What *do* we take with us when we die?




When we die, we take love with us.

Of God, of others - and their love of us.


That is not all we take - but it is the most important thing.

And that we do take love with us is a vital but neglected/ denied/ unexplained fact.


But what kind of a thing is love? -  What are suitable analogies? - More work needed...



Nicholas Fulford said...

At the risk of being self-indulgent, here is a poem I wrote about 7 years ago that may be of some worth.

Death has come and made life real.

The gray of drab November rain,
Clings to my cheeks, like ice tears.
See the quivering of my soul,
Shaking beneath my frozen skin.

A child has died today.
Can you know such dread as touches me?
My son has fallen in the night.
His steps once sure, are silent.

A breath like icy crispness hangs upon his corpse.
The crystals shine as jewels.
But oh, for all the diamonds of the world,
That would I gladly give, and more, for him.

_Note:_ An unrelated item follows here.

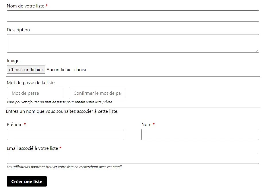Créez votre liste facilement, en remplissant les champs qui vous seront demandés.

How can I bear the knowledge that shatters all illusion?
Can love break apart the cold and lifeless lips,
And place the warmth of living breath within?
Will the sun ever rise again?

In the darkness, mumbling incoherent mutterings of grief,
Broken and sliced open with shards of desolation,
A drop of love in ocean's sorrowful depths reminds me:
Death has come, and made life real.

JP said...

Drat, I thought the answer was going to be "our iTunes library".

The Crow said...

No. We take nothing at all. We are what we take, and that is nothing. But this nothing is eternal and indestructible. It lives.
Unless by 'love', you mean total equanimity, devoid of any and all emotion.